#### WHAT THE TASK REQUIRES
For this exercise, return all the data word for word, with images left out.

___ DATA SECTION ___

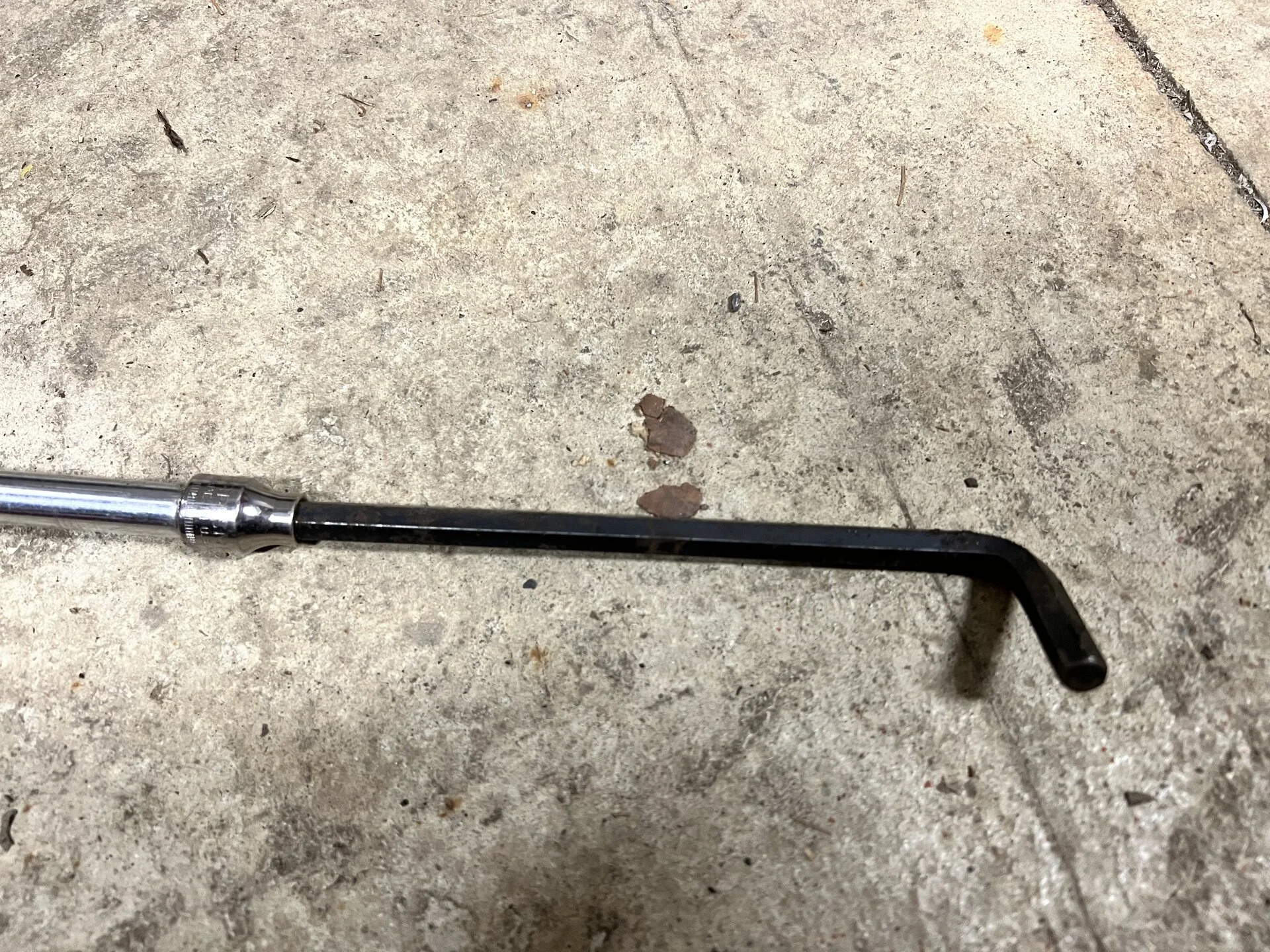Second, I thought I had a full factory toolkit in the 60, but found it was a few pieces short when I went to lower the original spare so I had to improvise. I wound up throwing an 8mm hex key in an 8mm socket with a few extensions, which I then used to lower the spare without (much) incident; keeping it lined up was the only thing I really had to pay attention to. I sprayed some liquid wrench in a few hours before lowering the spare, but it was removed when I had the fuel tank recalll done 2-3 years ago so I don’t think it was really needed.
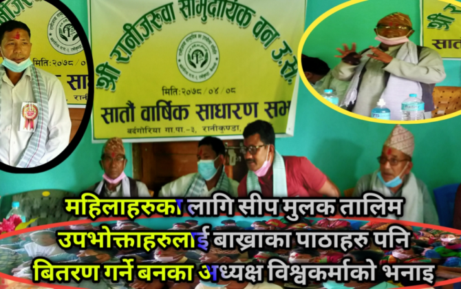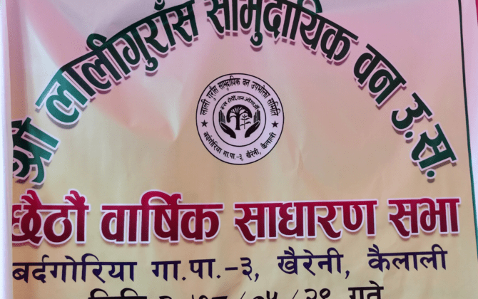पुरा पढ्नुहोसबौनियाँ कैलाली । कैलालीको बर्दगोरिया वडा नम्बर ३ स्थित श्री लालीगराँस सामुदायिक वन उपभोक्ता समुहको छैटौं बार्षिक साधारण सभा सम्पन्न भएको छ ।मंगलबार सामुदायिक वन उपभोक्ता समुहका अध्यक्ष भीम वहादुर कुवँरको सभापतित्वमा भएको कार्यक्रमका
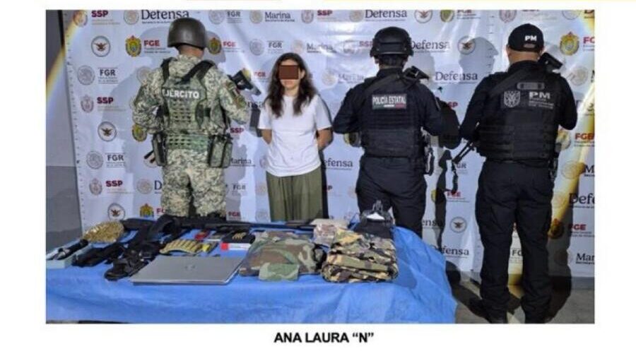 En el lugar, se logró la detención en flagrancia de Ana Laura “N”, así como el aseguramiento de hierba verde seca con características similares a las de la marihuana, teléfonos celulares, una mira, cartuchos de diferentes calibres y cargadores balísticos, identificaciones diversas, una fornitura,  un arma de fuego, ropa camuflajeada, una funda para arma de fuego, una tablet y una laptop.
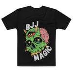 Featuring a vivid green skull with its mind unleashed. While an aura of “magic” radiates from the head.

___

#### REPLY TO THE EXERCISE
Second, I thought I had a full factory toolkit in the 60, but found it was a few pieces short when I went to lower the original spare so I had to improvise. I wound up throwing an 8mm hex key in an 8mm socket with a few extensions, which I then used to lower the spare without (much) incident; keeping it lined up was the only thing I really had to pay attention to. I sprayed some liquid wrench in a few hours before lowering the spare, but it was removed when I had the fuel tank recalll done 2-3 years ago so I don’t think it was really needed.
पुरा पढ्नुहोसबौनियाँ कैलाली । कैलालीको बर्दगोरिया वडा नम्बर ३ स्थित श्री लालीगराँस सामुदायिक वन उपभोक्ता समुहको छैटौं बार्षिक साधारण सभा सम्पन्न भएको छ ।मंगलबार सामुदायिक वन उपभोक्ता समुहका अध्यक्ष भीम वहादुर कुवँरको सभापतित्वमा भएको कार्यक्रमका
 En el lugar, se logró la detención en flagrancia de Ana Laura “N”, así como el aseguramiento de hierba verde seca con características similares a las de la marihuana, teléfonos celulares, una mira, cartuchos de diferentes calibres y cargadores balísticos, identificaciones diversas, una fornitura,  un arma de fuego, ropa camuflajeada, una funda para arma de fuego, una tablet y una laptop.
 Featuring a vivid green skull with its mind unleashed. While an aura of “magic” radiates from the head.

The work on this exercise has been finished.